Genome sequencing revealed a significant surprise a decade ago: mutations in epigenetic regulators, which govern gene activity, are connected to nearly half of all human malignancies.
The treatment of cancer in a patient with surgery, chemotherapy, and/or radiation is known as cancer therapy. For some cancer forms, targeted therapy are also available. A cancer patient may get a variety of treatments, including ones aimed at alleviating cancer symptoms such as pain.
A team of scientists led by Oliver Bell of USC and Stephen V. Frye of the University of North Carolina at Chapel Hill developed a new drug-like molecule that can counteract the effects of mutated epigenetic regulators, which are known to drive certain types of cancer, including lymphoma, according to a new study published in Cell Chemical Biology.
How epigenetic regulators control gene activity
Epigenetic regulators play a critical function in healthy cells, turning on and off hundreds of genes in a well-coordinated sequence that regulates normal human development. One of these epigenetic regulators, EZH2, regulates the transitory inactivation of particular genes to allow immune cells to mature.
Mutated EZH2, on the other hand, may induce continuous suppression of these genes, preventing immune cells from growing properly and eventually transforming them into malignant tumors. Some cancer patients will just require one therapy. Most patients, on the other hand, receive a mix of therapies, such as surgery combined with chemotherapy and/or radiation therapy.
The good news is that, unlike many other types of mutations, cancer-causing mutations in epigenetic regulators may be reversible with treatment. With this in mind, first author Junghyun L. Suh and the research team set out to create a drug-like chemical that may reverse EZH2’s inhibition of cancer-causing genes.
When we exposed human lymphoma and colorectal cancer cells to our newly synthesized drug-like molecule in the laboratory, the malignant cells ceased to proliferate and began to behave more like healthy cells.
Oliver Bell
The role of “writers” and “readers”
Suh and her colleagues began by looking at the mechanism through which EZH2 regulates gene repression. EZH2 functions as a “writer,” indicating which genes will be suppressed. CBX8, a second epigenetic regulator, acts as a “reader,” interpreting the repressive marks and recruiting further regulatory machinery to turn the genes off.
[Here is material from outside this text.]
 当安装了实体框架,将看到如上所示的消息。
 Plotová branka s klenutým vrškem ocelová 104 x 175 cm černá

In comparison to the writer, the reader CBX8 appears to be similarly important for cancer cell proliferation but less so for healthy cell function. This means that medications that target the reader are more likely to have less damaging side effects on the patient’s healthy cells.
To target CBX8, the researchers first created mouse stem cells that allowed them to quickly test a huge number of drug-like compounds. CBX8 read the markers left by EZH2 to suppress a gene that produces a detectable green fluorescent protein (GFP) in these modified stem cells. The scientists recognized that a drug-like chemical had successfully stopped CBX8 from reading the repressive tags if the stem cells exhibited activation of the characteristic green light.
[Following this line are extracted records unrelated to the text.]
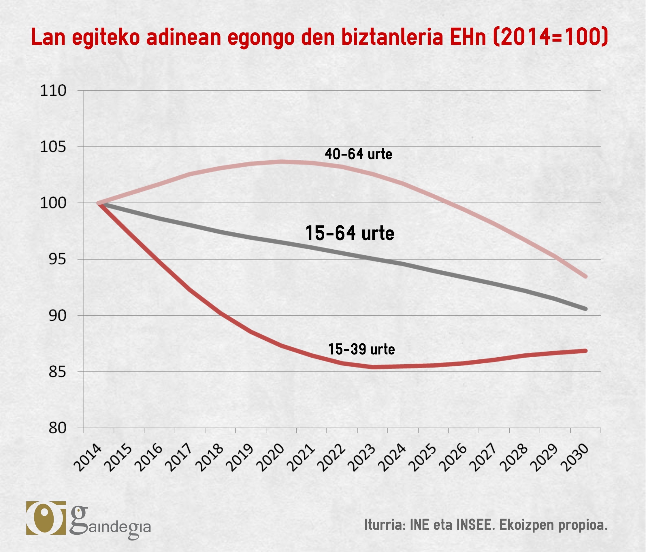Arazo handiena zera da, inon gutxi murriztuko dela 15 urtetik beherako biztanleriaren proportzioa Euskal Herrian adina, eta horrek eragin sakona izango du datozen hamarkadetan lanean egiteko adinean egongo den euskal herritar kopuruari dagokionez. Gainbehera oso nabarmena aurreikusten da: 2030erako ia hamar puntu jaitsiko da 15-64 urte artekoen kopurua. Horrek askotariko ondorioak izango ditu; besteak beste, pentsio sisteman eta osasun eta zaintza zerbitzuetan egin beharko diren inbertsio publikoetan.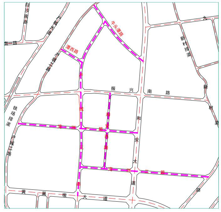 1、牛頭潭路:道路等級為城市次干路,道路紅線長715m 紅線寬度為26m,雙向4 車道,設(shè)計車速為40km/h,混凝土路面結(jié)構(gòu)。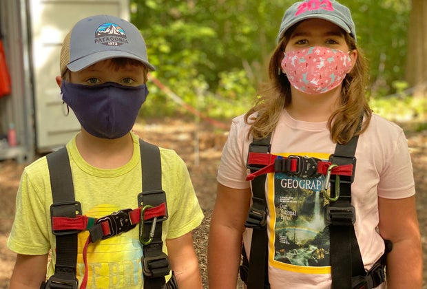 Adventure Park at the Discovery Center in Bridgeport makes sure kids are outfitted securely in 2020—with safety-checked harnesses and masks! Photo courtesy of Ally Noel
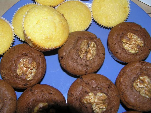 @natura, für muffins nehm ich immer das gleiche rezept wie für gerührten kuchen, nur die hälfte davon, also125g butter125g zucker2-3 eier250g mehl1 gehäufter tl backpulverfür die schoko-walnuß-muffins habe ich zwei stücke zartbitter blockschokolade aufgelöst und walnüsse zerhackt und kurz angeröstet und mit in den teig und mit etwas zimt und kardamom abgeschmeckt.eine walnusshälfte aufgesetzt und gebacken.für die mit mandarinen habe ich mandarinen filetiert (gehen auch die aus der dose, hatte aber noch so viel frische da), eine halbe zitrone ausgepresst, den saft zum teig, den angefallen mandarinensaft noch dazu und zum schluß die mandarinenfilets untergehoben.ab in die förmchen und auch gebacken.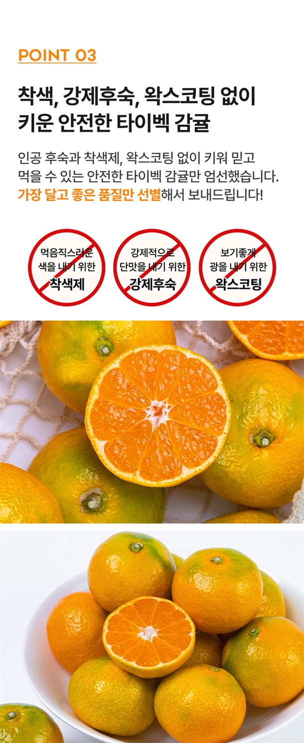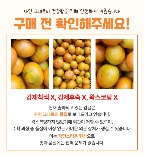 인위적인 왁스코팅 없이 자연스럽게 키운 건강한 제주감귤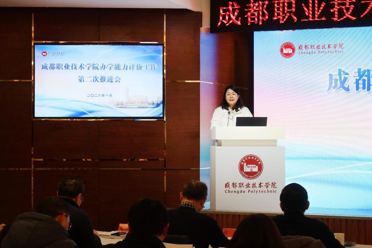 王运芳结合四川省高等职业学校办学能力评价工作部署和我校发展实际,对学校提出三点要求,一是凝聚全校共识,准确把握评价工作核心要义,形成迎评工作合力;二是坚持问题导向,建立问题清单、责任清单、整改清单推动整改闭环落实;三是强化成果运用,将评价与学校重点工作深度融合,切实转化为办学质量提升实效。王运芳期待我校发挥示范带头作用,力争成为全省首个完成办学能力评价的高职院校,为全省87所高职院校的评估工作积累可复制、可推广的经验。会上,教务处评估办从“前期工作概况”“自评自建情况”“下一阶段工作安排”三个方面汇报了学校办学能力评价工作推进情况。教务处、发展规划处,党委教师工作部(人事处)党委宣传部、花源校区管理处、医护学院和工程建设专业代表依序发言,汇报了本单位评建工作开展情况、取得的主要成效、目前存在的问题及下一步安排部署。

Targeting the “reader” to counteract the mutation
The researchers then used their understanding of CBX8 to create numerous iterations of drug-like compounds that were specifically targeted at this reading. CBX’s complex protein structure, as well as how it binds to DNA and reads repressive tags, were all taken into account.
They went on to testing in human cancer cells after producing a powerful chemical that functioned well in the modified mice cells.
“When we exposed human lymphoma and colorectal cancer cells to our newly synthesized drug-like molecule in the laboratory, the malignant cells ceased to proliferate and began to behave more like healthy cells,” said the study’s co-corresponding author Oliver Bell, who is an assistant professor of biochemistry and molecular medicine, and stem cell biology and regenerative medicine at the Keck School of Medicine of USC, and a member of the USC Norris Comprehensive Cancer Center.
“Our CBX8-targeted molecule has the most powerful effect that we’ve seen so far in terms of blocking the reader’s function,” added co-corresponding author Stephen V. Frye, who is the Fred Eshelman Distinguished Professor and Co-director of the Center for Integrative Chemical Biology and Drug Discovery at the University of North Carolina at Chapel Hill.
“This paves the way for further research into relevant cancer medicines, as well as a better knowledge of epigenetic control in normal human development.”